Ces trois aspects sont inséparables. C’est ensemble (et non seulement la perspective) qu’ils constituent une (ou des) représentation(s) du monde et non seulement de l’espace. Ils s’articulent en relation avec la pensée philosophique du temps et ses conflits (humanisme, guerres de religions, etc.), les développements socio-politiques (montée de la bourgeoisie, centralisme politique, place nouvelle des villes, grandes explorations et grandes découvertes, etc.). Bien sûr, il n’est pas question d’un déterminisme mécanique et immédiat, mais d’une osmose en profondeur dans un ensemble socio-culturel dont l’art lui-même est une composante mais dont les artistes ne sont pas nécessairement conscients. Ils n’ont d’ailleurs pas besoin de l’être. Mais perdre de vue cette osmose, intimité de ces relations, serait faire de la perspective isolée de ce qui lui donne sens, un jeu optique gratuit, un ensemble de recettes tout juste bon pour un bateleur de foire, qui chercherait à attirer le chaland par des tours illusionnistes. Or si elle n’était que cela, la perspective n’aurait pas occupé la place qui a été la sienne dans l’art, et qu’elle occupe encore – mais sous d’autres formes symboliques – dans l’art contemporain.

Plan du cours

Le tableau. Les conditions théoriques et  historiques de son apparition, son concept. L’héritage de l’art byzantin. Duccio, Giotto. Références à Panofsky, Belting, Ringom. L’émergence d’un nouvel ordre social, la bourgeoisie. Nouveau public, nouveaux commanditaires. Surtout nouvelle façon de penser le monde. Place de l’individu, liberté d’entreprendre. Grande découverte, etc.
Le Concept albertien. La fenêtre ouverte sur l’histoire. Le tableau en tant que scène de l’historia.
La perspective linéaire et la perspective curviligne. Question théorique posée par la perspective légitime et la perspective curviligne. Léonard de Vinci. La Renaissance française, Fouquet.
La perspective atmosphérique. Léonard et les 3 perspectives. Le paysage. Bellini, Titien. La peinture à l’huile.
Les espaces dans l’espace. Les fragmentations, les « vedute », les reflets ou miroirs.
La juxtaposition des codes en fonction des traditions (archaïsmes) et des pays ou régions : Italie, France, Pays du Nord (Flandres, Hollande, Allemagne…)
L’auto réflexion de l’art sur lui-même et sur sa « vanité », essentiellement dans le Nord. L’anamorphose, phénomène d’optique abordé par Léonard de Vinci, pensée en Europe du Nord, comme une perspective dépravée (Baltrusaitis). Les « ambassadeurs » d’Holbein. Le sens de l’œuvre.
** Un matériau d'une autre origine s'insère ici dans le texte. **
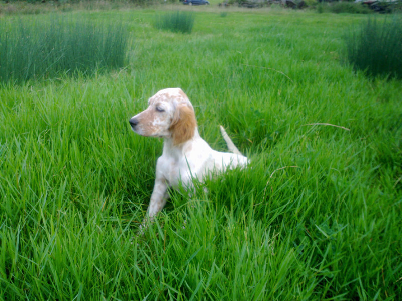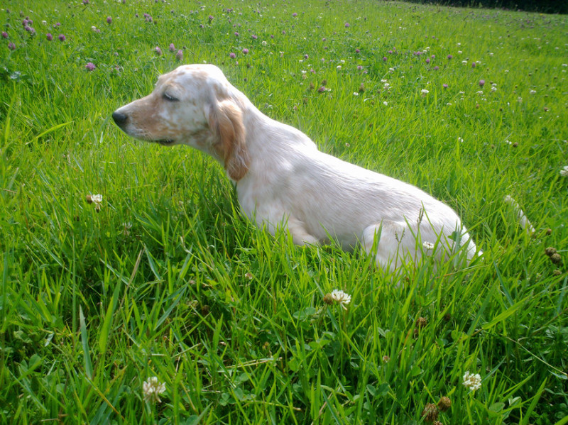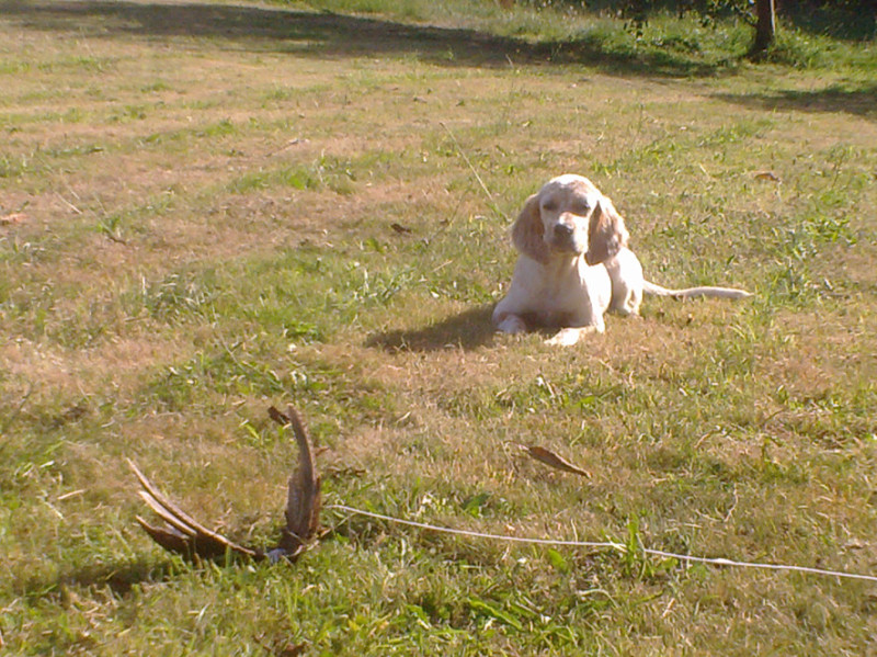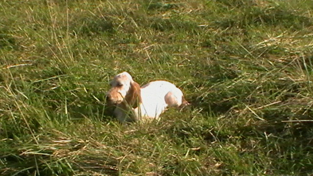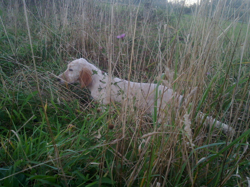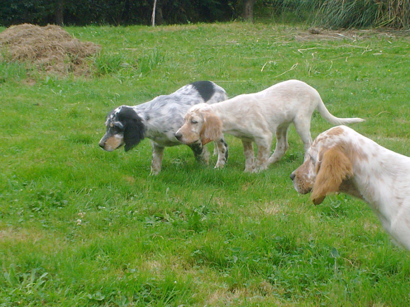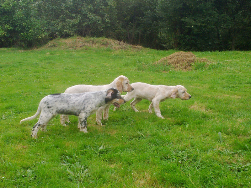 Cachorros (Asia, Alexia y Anglet) mostrando engaño y codornices

On peut voir, d’après ce plan, que les interrogations soulevées par cette introduction ne seront véritablement abordées que dans les deux derniers cours. C’est délibéré. À moins de tourner en rond avec les mêmes questions, il m’a paru préférable d’examiner le plus à fond possible les concepts ou les notions ; d’entrer le plus possible dans la perspective et ses problématiques ; de comprendre les différentes saisies qu’ont en fait les artistes et son caractère protéiforme. Au terme de ce parcours nous serons, je l’espère, mieux armés pour répondre à la question de la pluralité et du dépassement.